*Information provided*.
****************

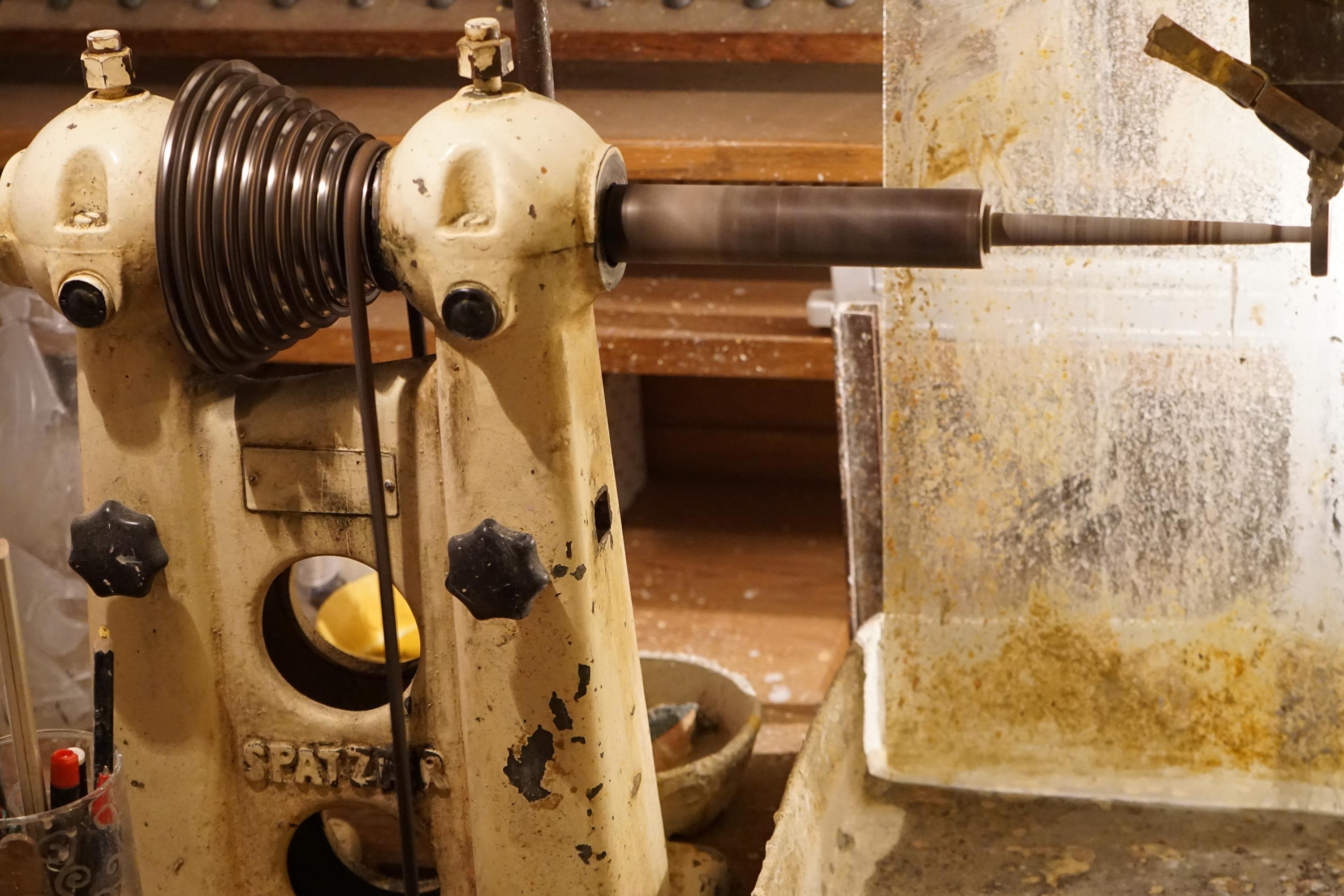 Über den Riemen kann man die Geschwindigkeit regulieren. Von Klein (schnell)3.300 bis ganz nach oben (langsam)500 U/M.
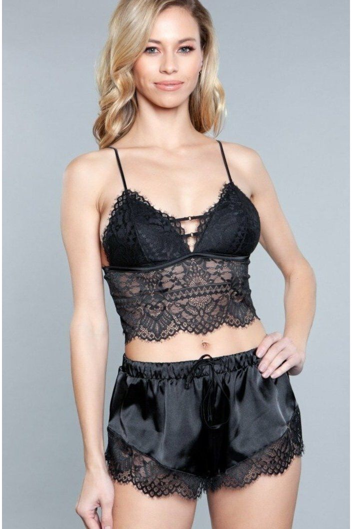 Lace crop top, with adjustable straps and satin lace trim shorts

****************

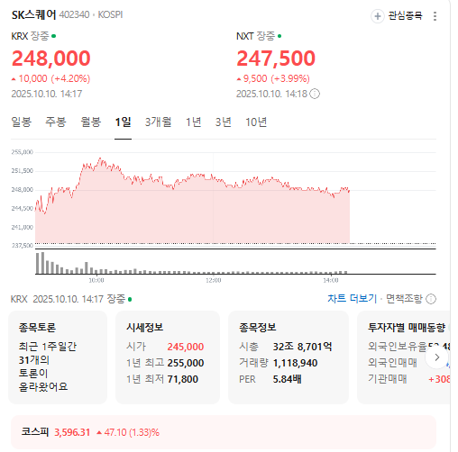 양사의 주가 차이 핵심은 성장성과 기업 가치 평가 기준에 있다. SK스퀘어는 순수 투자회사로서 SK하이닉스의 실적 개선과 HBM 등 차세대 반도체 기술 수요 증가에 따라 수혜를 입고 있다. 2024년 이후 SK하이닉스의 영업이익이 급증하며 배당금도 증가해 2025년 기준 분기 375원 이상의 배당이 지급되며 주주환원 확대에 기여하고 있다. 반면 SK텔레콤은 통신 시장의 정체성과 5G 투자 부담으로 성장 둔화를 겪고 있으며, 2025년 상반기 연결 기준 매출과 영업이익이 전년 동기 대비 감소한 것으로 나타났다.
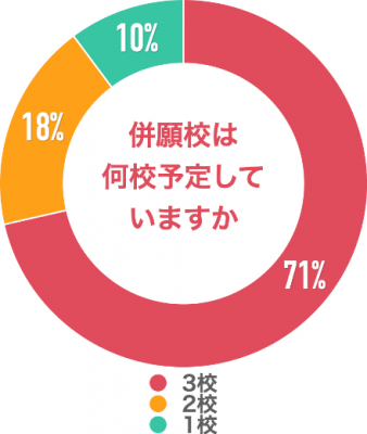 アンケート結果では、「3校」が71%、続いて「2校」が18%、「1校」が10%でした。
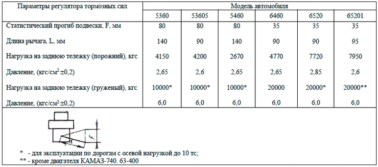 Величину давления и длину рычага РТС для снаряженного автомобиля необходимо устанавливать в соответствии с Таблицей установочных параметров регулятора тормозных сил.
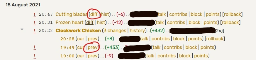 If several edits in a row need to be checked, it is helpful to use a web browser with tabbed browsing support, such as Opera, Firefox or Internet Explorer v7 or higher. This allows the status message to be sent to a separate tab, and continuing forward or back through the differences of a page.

****************

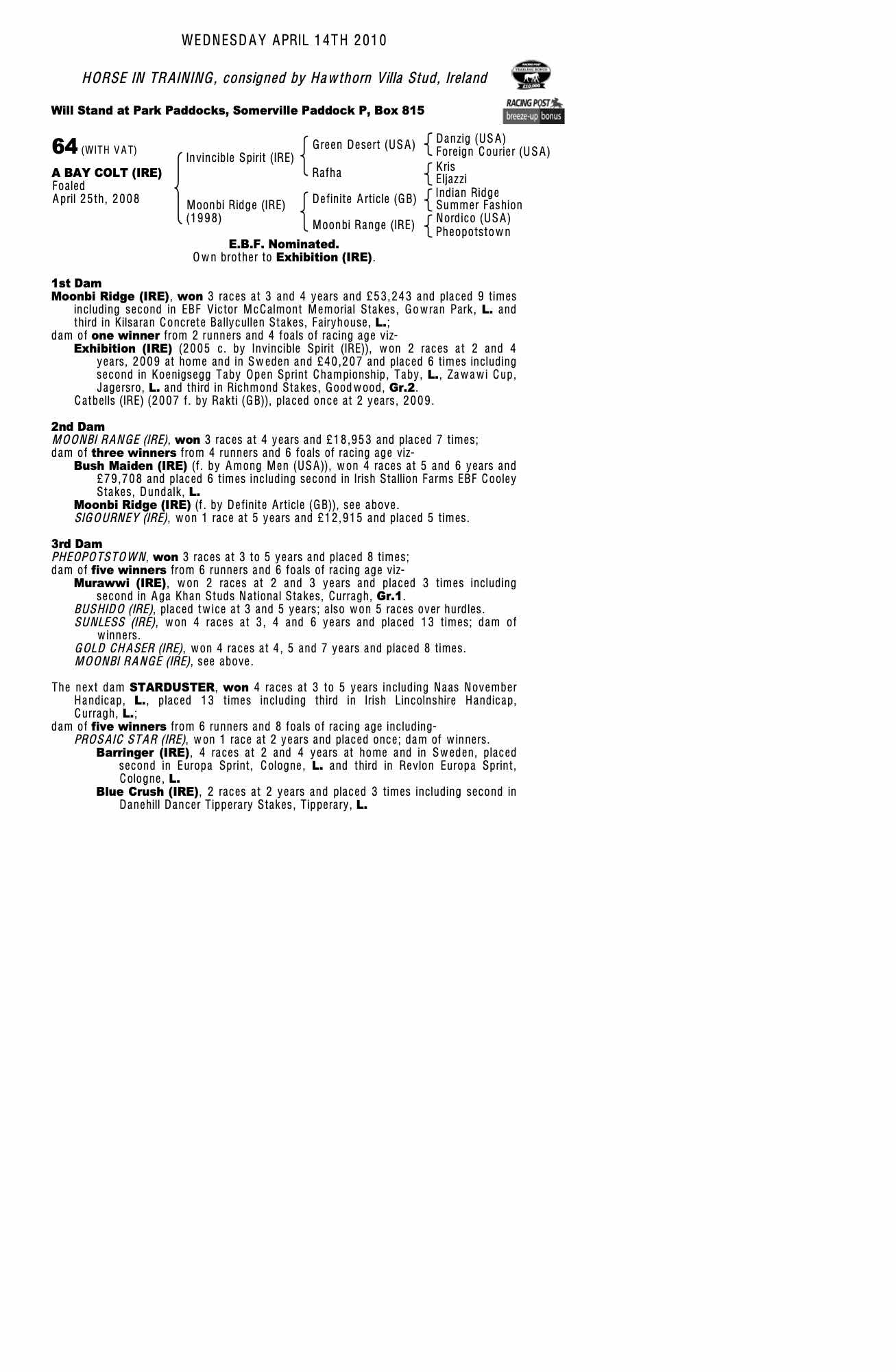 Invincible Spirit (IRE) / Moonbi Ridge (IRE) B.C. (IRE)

****************

*Task objective*. Each line between the one holding "양사의 주가 차이 핵심은" and the one holding "If several edits", inclusive, should be copied exactly as it appears above, and pictures should be omitted.

*Exercise output*.
 양사의 주가 차이 핵심은 성장성과 기업 가치 평가 기준에 있다. SK스퀘어는 순수 투자회사로서 SK하이닉스의 실적 개선과 HBM 등 차세대 반도체 기술 수요 증가에 따라 수혜를 입고 있다. 2024년 이후 SK하이닉스의 영업이익이 급증하며 배당금도 증가해 2025년 기준 분기 375원 이상의 배당이 지급되며 주주환원 확대에 기여하고 있다. 반면 SK텔레콤은 통신 시장의 정체성과 5G 투자 부담으로 성장 둔화를 겪고 있으며, 2025년 상반기 연결 기준 매출과 영업이익이 전년 동기 대비 감소한 것으로 나타났다.
 アンケート結果では、「3校」が71%、続いて「2校」が18%、「1校」が10%でした。
 Величину давления и длину рычага РТС для снаряженного автомобиля необходимо устанавливать в соответствии с Таблицей установочных параметров регулятора тормозных сил.
 If several edits in a row need to be checked, it is helpful to use a web browser with tabbed browsing support, such as Opera, Firefox or Internet Explorer v7 or higher. This allows the status message to be sent to a separate tab, and continuing forward or back through the differences of a page.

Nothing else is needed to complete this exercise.